My Country, Right Or Left

This week marks the 60th anniversary of the first publication of George Orwell’s “1984”.

Pretty much everyone knows of that book and Orwell’s other masterpiece, “Animal Farm”.

He was also a great essayist and a new compilation of some of his writings has been released to coincide with the anniversary. I am looking forward to reading it – particularly pieces like, “My Country, Right Or Left”. This is a man with an enormous amount of intellectual bandwidth and the ability to capture the essence of social and political structures and relationships.

I wonder what Orwell would have made of the present, with the technology that we have, with the incredible amount of double-speak in public life, with blogging, with media generally…

I wonder what he would make of the way that fiction and fact are so incredibly intertwined nowadays: Published sci-fi and fantasy books seem to consistently predict the near future. The goings on in government (currently the UK), if included in a play, would create a great back-story for a story by Oscar Wilde – or indeed for Orwell himself.

Of course it was Orwell who invented the word “double-speak” along with a lot of other words that are now in our linguistic vocabulary.

What he was getting at then, and what is even more relevant now, is that very little is as it seems. In fact, I would go so far as to say that whatever you are being told by the authorities, particularly when the story pushes all the emotional buttons, believe that there is a different truth that needs to be found.

What we need are “actionable insights”. These are the pieces of information that really can help us understand how to plan. All of us are capable of planning. That is one of the things that differentiates humans from other animals. Unfortunately most people seem to forget that information has momentum. It doesn’t just sit there, static. And in order to garner actionable insights we need to be able to look at what the vectors of a meme are.

Global warming is a meme that is out there. So is peak oil. As is P2P. For the most part though people seem to be totally passive about these really important concepts. How many people do you know who are actually doing something, anything about a future where oil is rare, and therefore expensive, where some parts of the planet are uninhabitable, and where communications are transformed totally?

Most people want to leave the doing stuff and the planning stuff to “They”. (They need to do something about that!)

The reality is that we are making the future. “They” know we are. As a result “They” want to give us the kind of information that will ensure that we do what “They” want with the minimum of fuss.
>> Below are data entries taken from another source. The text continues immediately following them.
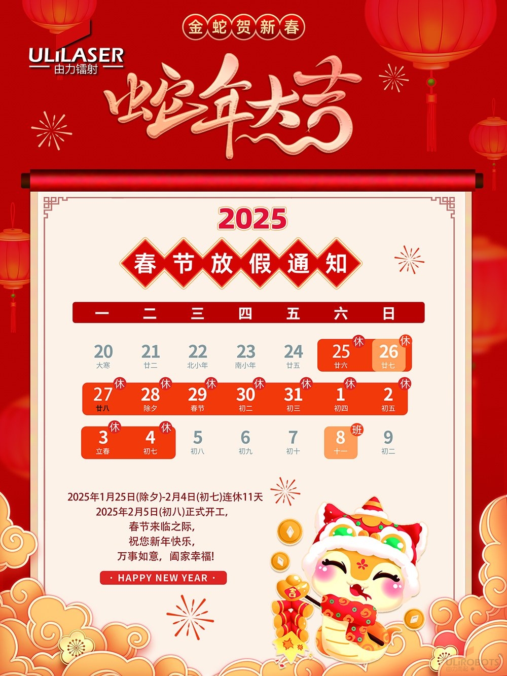 新春佳節(jié)漸進(jìn),為歡度中華民族的傳統(tǒng)佳節(jié),使全體人民能夠開(kāi)開(kāi)心心地過(guò)上一個(gè)歡樂(lè)、祥和的2025年春節(jié),盡可能的與家人一起享受節(jié)日的歡樂(lè)和喜悅,結(jié)合公司生產(chǎn)實(shí)際情況,經(jīng)公司領(lǐng)導(dǎo)研究決定:
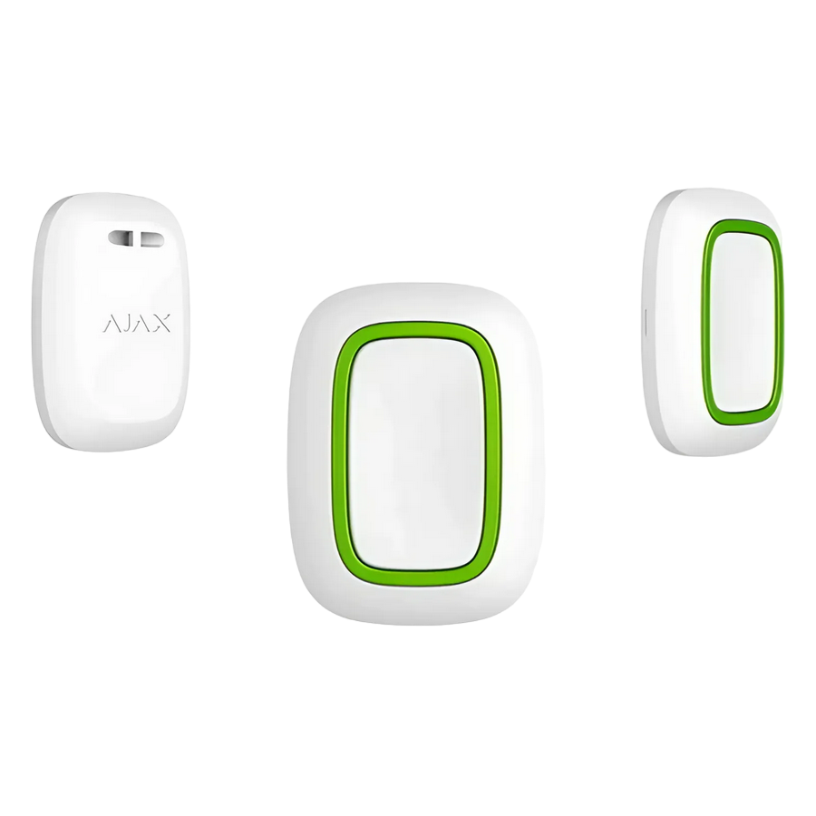 // https://ajax.systems/products/button/ Compatibility: Operates with all Ajax hubs, and range extenders False alarm prevention: Yes (in the Panic mode) Number of buttons: 1 Alarm transmission: Not longer than 0,15 sec Active from the first click (no need to wake it up) Adjustable alarm types: Intrusion; Fire; Medical help; Panic button; Gas leak Power supply: Battery: CR2032 battery, 3 V Battery life: Up to 5 years Operating temperature range: From -10°C to +40°C Permissible humidity: Up to 75% Protection class: IP55
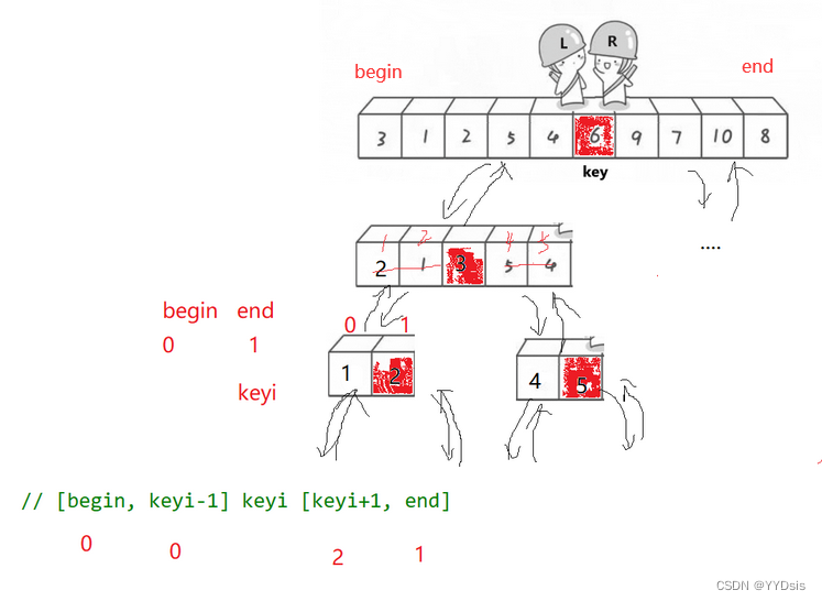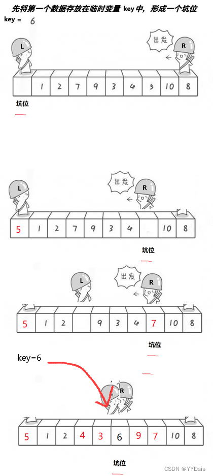 2.挖坑法 1.先将左边第一个数据放在临时变量key中,原地形成一个坑位 2.右边先动,找小于key的数,放到坑位中,并且原地新生成一个坑位 3.当左右相遇时,将key填入最后一个坑位中
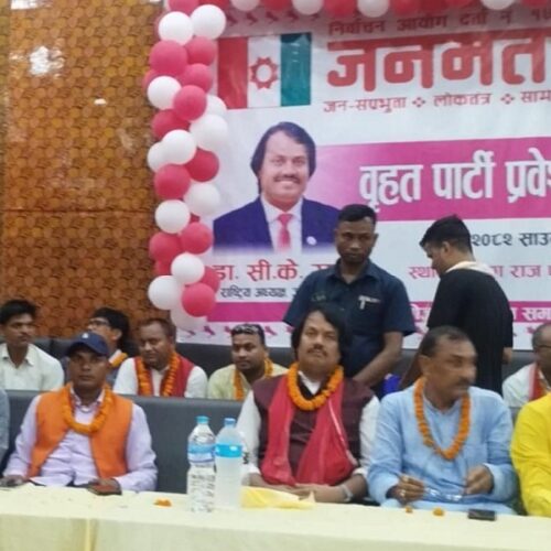 पार्टीका जिल्ला अध्यक्ष शिवनाथ पटेलको अध्यक्षतामा सम्पन्न कार्यक्रममा संविधानसभा सदस्य प्रमोद गुप्ता, मधेस प्रदेशसभाका निवर्तमान सदस्य पारस साहलगायत विभिन्न पार्टीका नेता कार्यकर्ता जनमतमा प्रवेश गरेका छन् ।
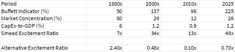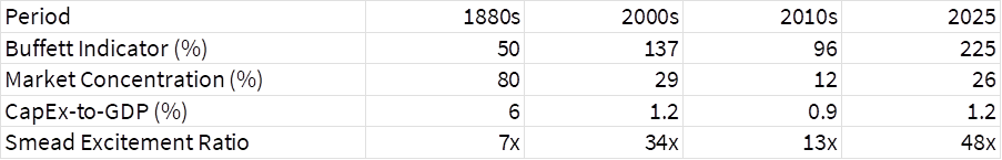 A new framework combining valuation, concentration and capex; and why today looks like past manias.
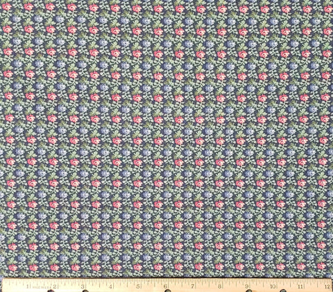 Peter Pan Fabrics - Yellow Fabric / Gold and Light Blue Vintage Flower Print
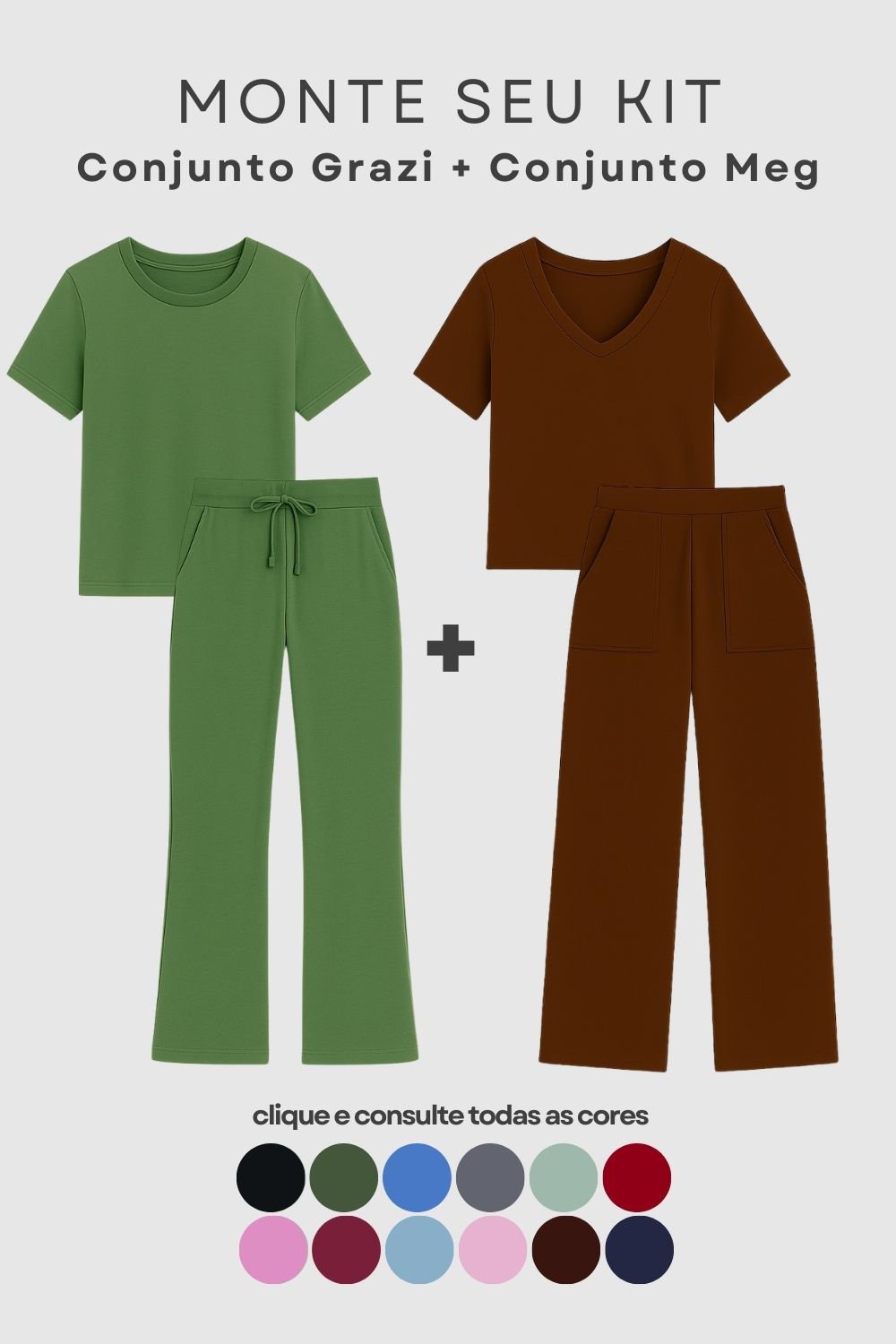 O Conjunto Meg é ideal para quem quer praticidade e estilo no mesmo look. Feito em molecotton macio, a blusa com decote em V valoriza o colo e garante um toque moderno. A calça reta com bolsos frontais adiciona funcionalidade sem abrir mão da elegância — perfeita para acompanhar a rotina com charme e conforto.
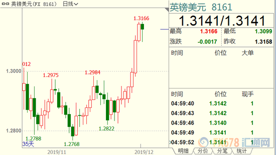 民调显示,英国执政党保守党将在12月12日大选中赢得绝对多数席位,一个强大的保守党政府可能会非常支持英国脱欧,也将会带来亟需的政治安定,这激励了英镑高歌猛进,兑美元汇率站稳1.30关口上方,盘中录得七个月高位1.3166,终盘大涨1.61%至1.3141。
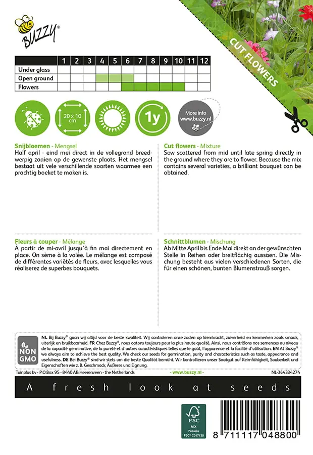 Half april-eind mei direct in de vollegrond breedwerpig zaaien op de gewenste plaats. Het mengsel bestaat uit vele verschillende soorten waarmee een prachtig boeket te maken is.
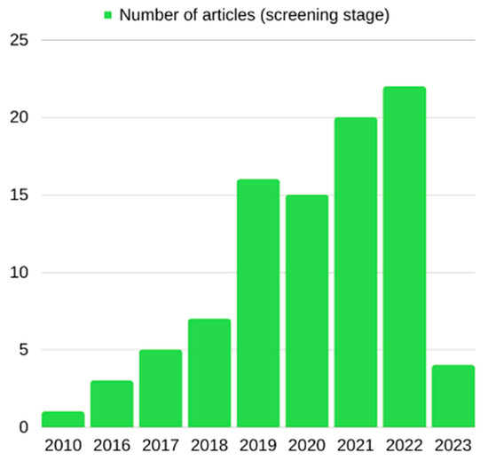 After both searches, the records of all articles were collected, and duplicates were removed using automation tools (Zotero Citation Manager software, https://www.zotero.org/, accessed on 26 June 2023).
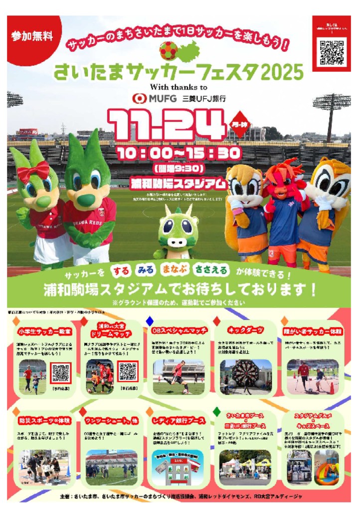 2025-11-18 / 最終更新日時 : 2025-11-21 fconetop 試合やイベント 11/24サッカーフェスタ2025 【集合〜準備】 8:00 集合/MTG 8:15 集合写真 8:20〜9:20 会場設営/各GでMTG・ウォーミングアップ 9:30〜 開場 9:50〜 第1クール 参加者集合 10:00〜 第1クール 開始 詳細は浦和レッズ公式サイトにて⚽
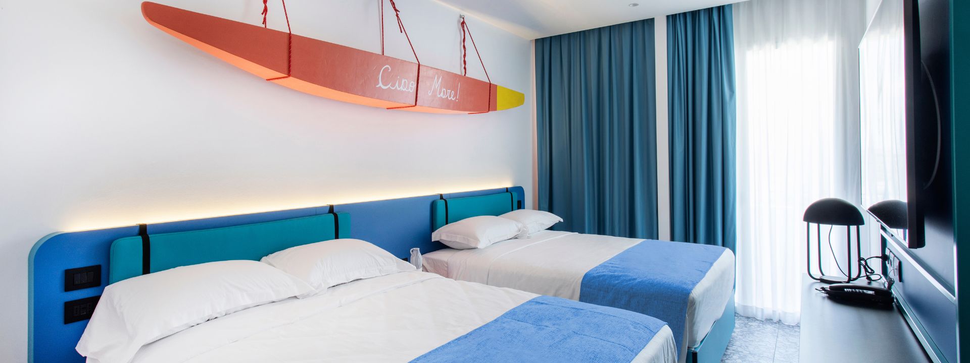Znajdziesz nas bezpośrednio nad morzem w Viserbella di Rimini, gdzie rodzinna atmosfera łączy się ze świeżością nowości, a każdy dzień pachnie

At one point in my life, for my sins, I decided that I would become a country squire, and bought a property which I turned into a deer farm. I employed a guy by the name of Terry as the manager.  He knew a lot about working with deer. We had to build yards so that we could manage the herds, and Terry designed and built yards with what seemed like a maze of high fences and corners. He reckoned that deer are very inquisitive and that it was easier to get them mustered if you could get them to go round corners where they couldn’t see what lay beyond. That way you could move them into a yard, sort them into different groups, by using strategically placed gates, etc.

That concept is roughly what is used in human life by business and by government. Advertising and editorial tell us what to do. Events push us into movement. So we react and go round the blind corner to discover what is ahead. Doublespeak is one of the valuable tools to get us into movement, or indeed, to calm us down so that we don’t panic at some issue of major importance.

So when the GFC comes down to bite us, we are distracted by a cut in interest rates and told that everything will be fine. Do you notice that everyone in the media is now focused on the failure of General Motors, not on the fact that petrol guzzling vehicles are not going to be viable as methods of transportation, and that we had better change the way we live?

In the world of media, companies are trying to build a new model where all their content sits behind a walled garden. In other words we will all have to pay for content. They can see the inevitability of the impact of P2P and they want to try to get everyone to buy in (no pun intended) to the concept that content needs to be paid for (even though the whole advertising model has been working fine for years). It is just that when it comes to margin, there never is enough!

We are all part of the flat world of global business. Some of us are going to be victims along the way, and some are going to be winners. In order to win through we have to deconstruct the messages that come from companies and industries with strong vested interests in making us think a certain way. We need to understand that things are not always what they seem, and we need to all be prepared to stand for what is right. Otherwise we will find that at the end of the day there won’t be much left.